(Saved data entries)
• • • • • • •
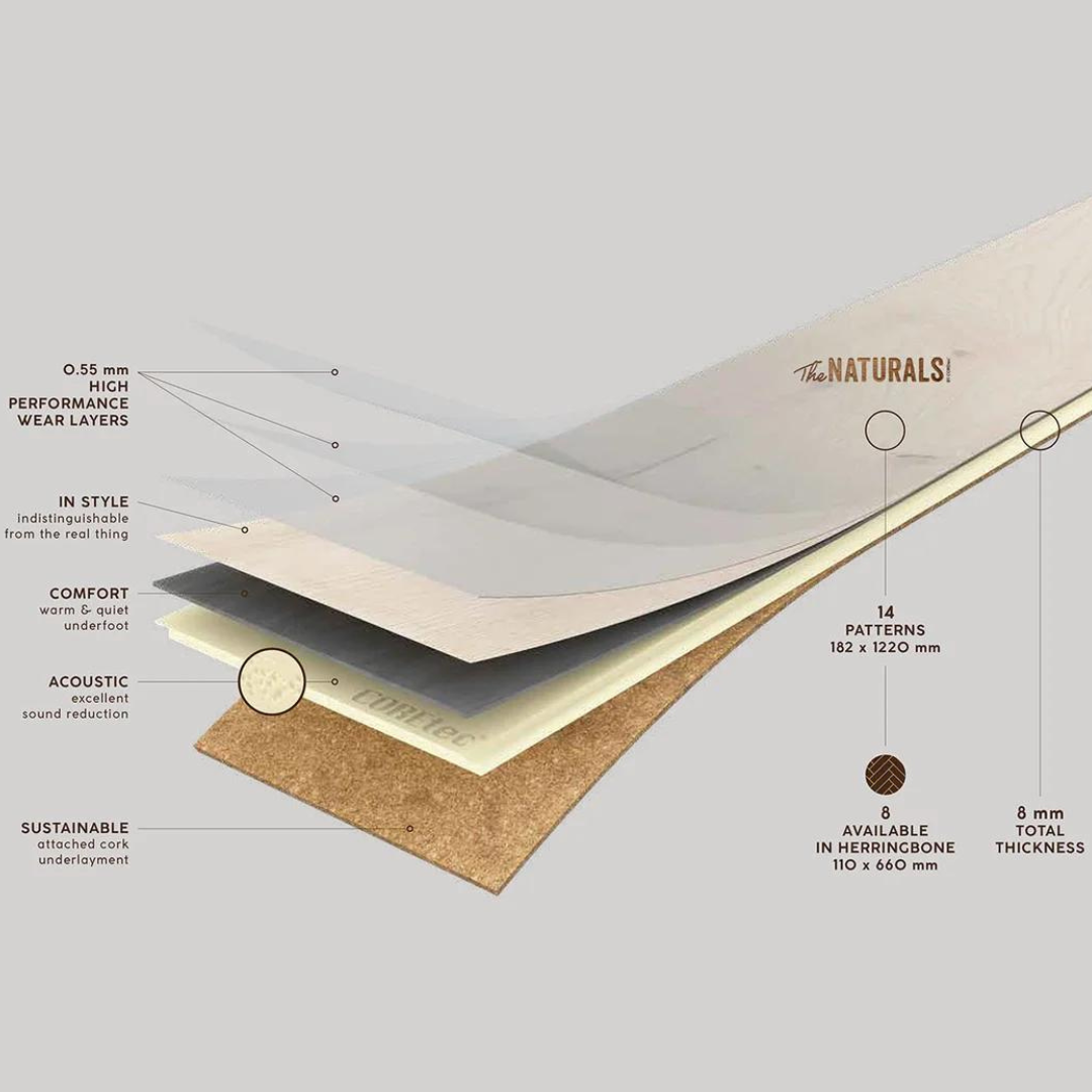 Slående vakre, ekstra miljøvennlige gulv med en ekstrem slitestyrke. (Industriell klassifisering) COREtec® er vårt premium vinylprodukt med spesialutviklet mellomsjikt for ekstra myk og behagelig gangkomfort. Baksiden i fleksibel natur kork gir COREtec® gulvene en ekstra god lyddemping både i og mellom ulike rom.
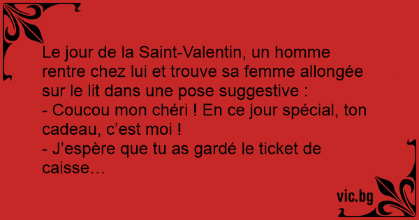 Le jour de la Sаinт-Valentin, un homme rentre chez lui et trouve sa femme allongée sur le lit dans une pose suggestive :
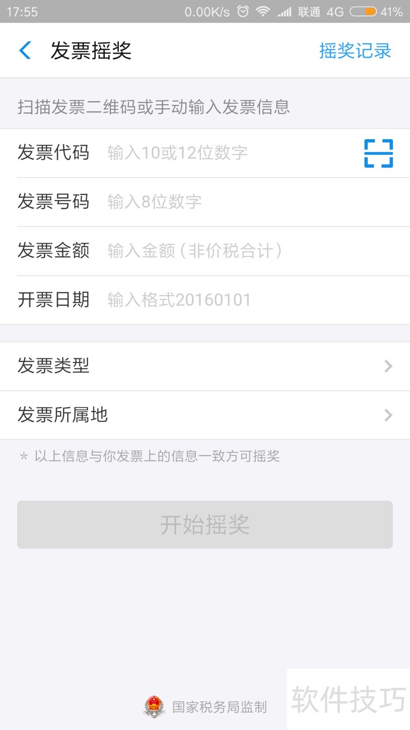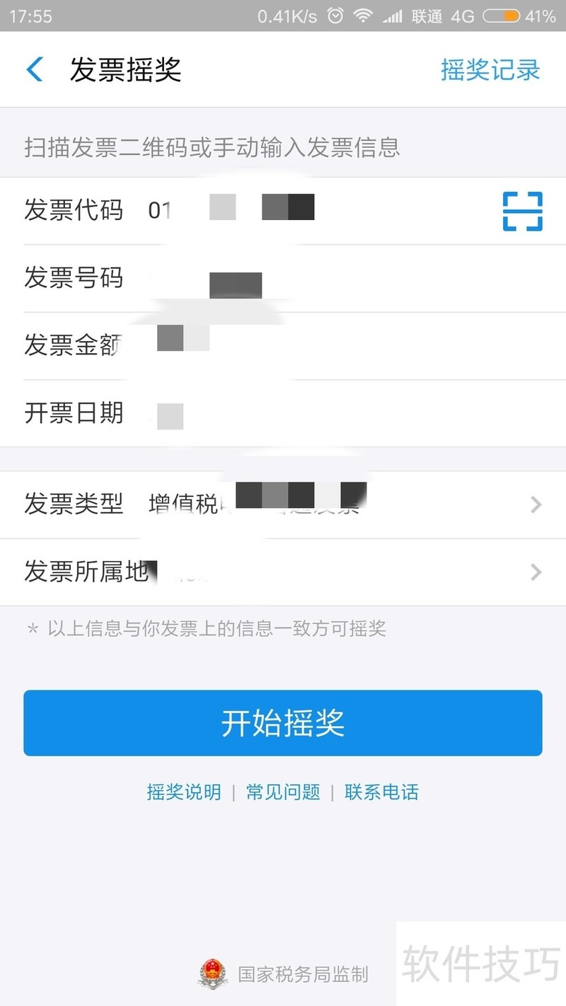3、 在发票摇奖哪里。进行扫描发票二维码,或者手工输入发票信息,扫完之后发票信息自动带出,如图所示。
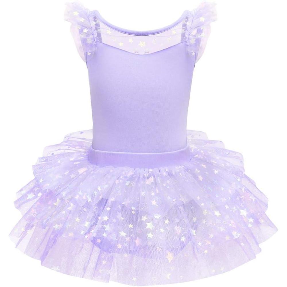 imageIDOPIP Girls Glitter Star Tutu Skirted Leotard Sequin Ruffle Sleeve Ballet Dance Dress Ballerina Dancewear Gymnastics CostumePurple
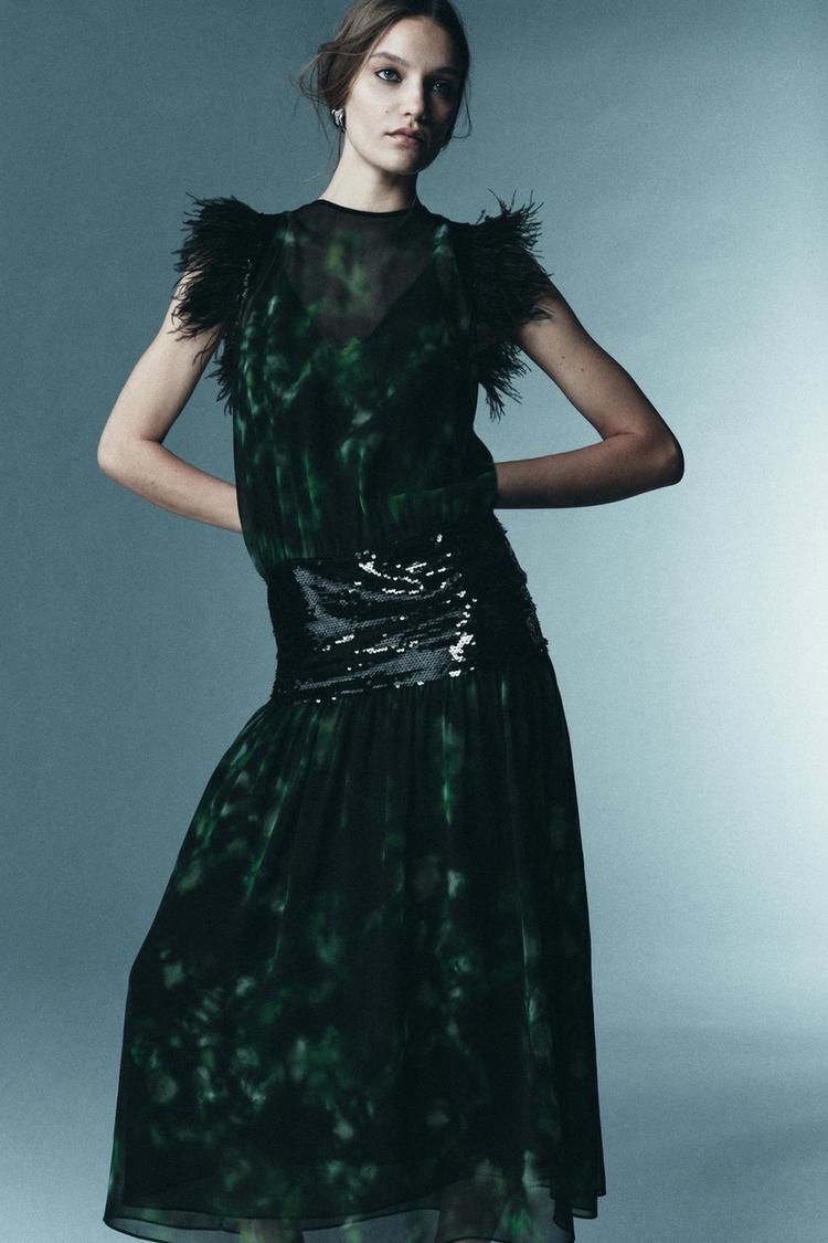 ZARA ПЛАТЬЕ МИДИ С ПРИНТОМ, РАЗНОЦВЕТНЫЙ
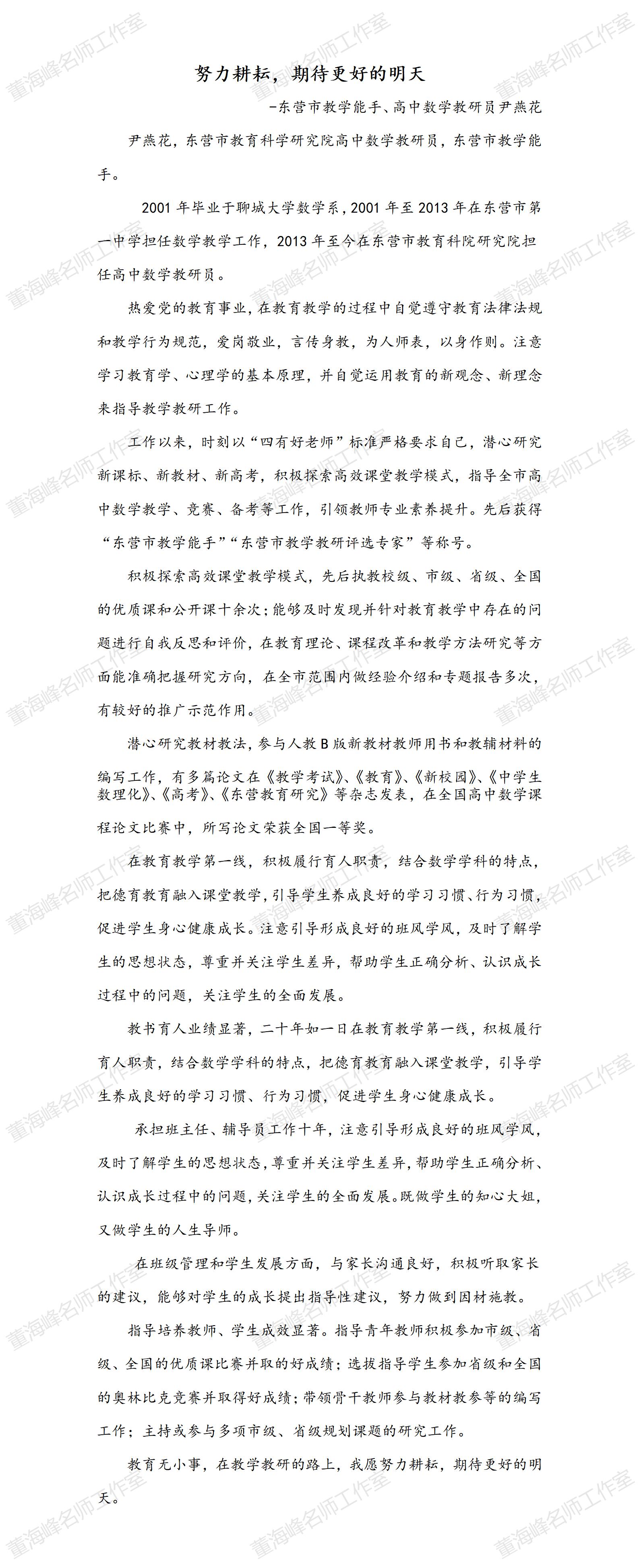努力耕耘期待更好的明天-东营市教学能手、高中数学教研员尹燕花
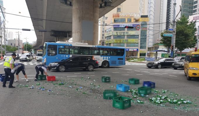 떨어진 맥주·소주 유리병은 현장에 출동한 경찰과 트럭 운전자 등의 합동 작업으로 30여분 만에 모두 수거돼, 교통이 정상적으로 이뤄졌다.
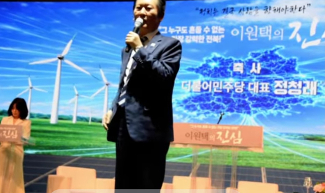 정청래 당 대표는 이날 "이원택 의원처럼 착한 사람이 없다. 원래 당 대표는 동영상 축사를 하고 웬만하면 이런 곳(출판기념회 등)에 안 간다"며 "제가 온 이유는 이 책의 내용을 읽어보면 아시겠지만 책이 진심이다"고 말했다.
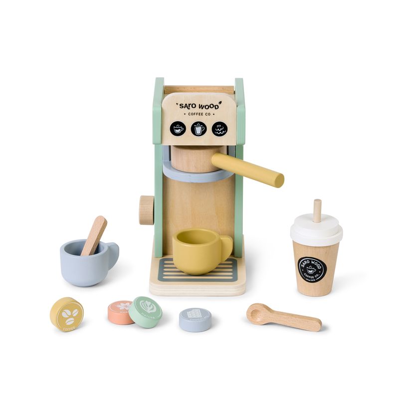 This super cool coffee set will be the perfect addition to your child’s favorite play kitchen. Your little one will have a blast making delicious drinks. Simply choose a capsule, insert it into the top slot of the coffee maker, turn the pot, and the capsule will fall into the cup. With the click-click dial on the side, they can easily select the coffee they want to serve.
• • • • • • •
**Task instructions:**
The answer should consist only of the lines above from the one with "Le jour de la" through the one with "3、 在发票摇奖哪里。进行扫", repeated exactly, with no pictures among them.

**Task response:**
 Le jour de la Sаinт-Valentin, un homme rentre chez lui et trouve sa femme allongée sur le lit dans une pose suggestive :
3、 在发票摇奖哪里。进行扫描发票二维码,或者手工输入发票信息,扫完之后发票信息自动带出,如图所示。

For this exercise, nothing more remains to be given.